In 2017, the Halos couldn’t prevail in the AL West, so they need to rebound from their struggles. The Angels’ GM came out strong halfway through 2017 at the trade deadline and picked up Justin Upton from the Tigers. Most fans around baseball said to themselves, “Oh yeah, Upton isn’t going back to the Angels, they suck.” Well now I can tell them “I told you so”, because Eppler re-signed him for 5 years, and 106 million. With the buzz uprising about Japanese superstar, Shohei Ohtani, the Angels were in on him from the start. Eppler cared so much for the organization and when they first got him he said that “he felt a level of elation that was comparable to only two other milestones in his life: his wedding and the birth of his son.” This shows that he wouldn’t give up no matter what for the sake of the organization. Ohtani was Eppler’s new son to be raised in the city of Anaheim. Eppler had been scouting Ohtani since his rookie year for the Fighters in Japan and they had a certain connection from the start. The Angels wouldn’t be quite done from there.
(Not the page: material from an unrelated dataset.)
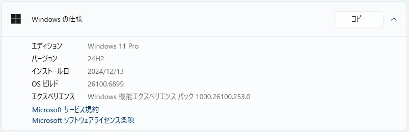 OS ビルドが 26100.6899 から 26200.6899 に変わりました。
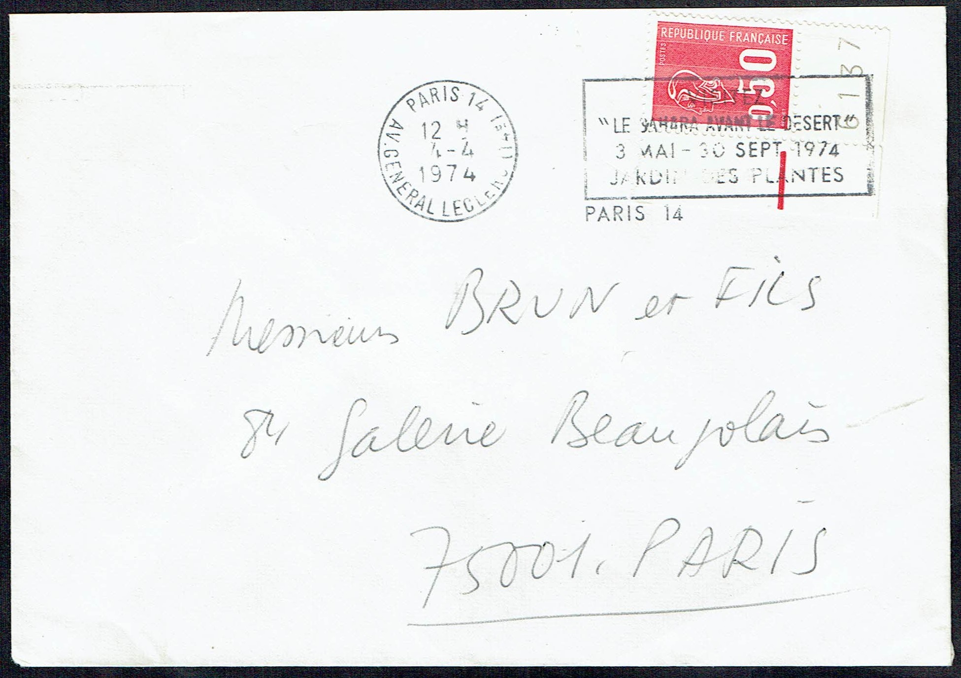 Dans l’article Les aspects du timbre 0,50 F Marianne de Béquet, nous avons défini les 21 aspects que l’on peut associer au timbre 0,50 F Marianne de Béquet. Nous allons maintenant illustrer ces aspects à l’aide de plis et, également, montrer des plis mettant en évidence certaines particularités de fabrication des timbres. J’entends par là des plis où le timbre est attenant à une marge horizontale avec une indication de presse, à une marge verticale datée ou numérotée, à un coin de feuille daté ou avec repère électronique... Ce type de pli me plaît beaucoup car il permet de préciser la provenance du timbre, mais surtout il est difficile à trouver « nature », la plupart des utilisateurs jetant ces bords de papier qui n’ont pour eux aucun intérêt avant de coller le timbre sur l’enveloppe.

They would also acquire second baseman Ian Kinsler from the Tigers via trade and Zack Cozart from free agency. The moves both add depth to the lineup, and continue Eppler’s legacy of adding underrated guys on smaller commitments. Most overlook the signing by the Angels of Kevin Maitan, who is only 17 but was named one of the top international picks in 2016 for the Atlanta Braves. The Halos picked him up due to the international signing scandal that the Braves faced, when they were forced to release him. For 2018, the Angels lineup seems set, although they still could add more to their rotation and bullpen. Billy has already looked passed the failures of acquiring Angels in the past and completely transformed the team into a much better roster, but we’ll have to see what happens next as spring training approaches. The team is looking to rebound past the days of Dipoto and his Dollars into a team of greatness led by the one and only Billy Eppler.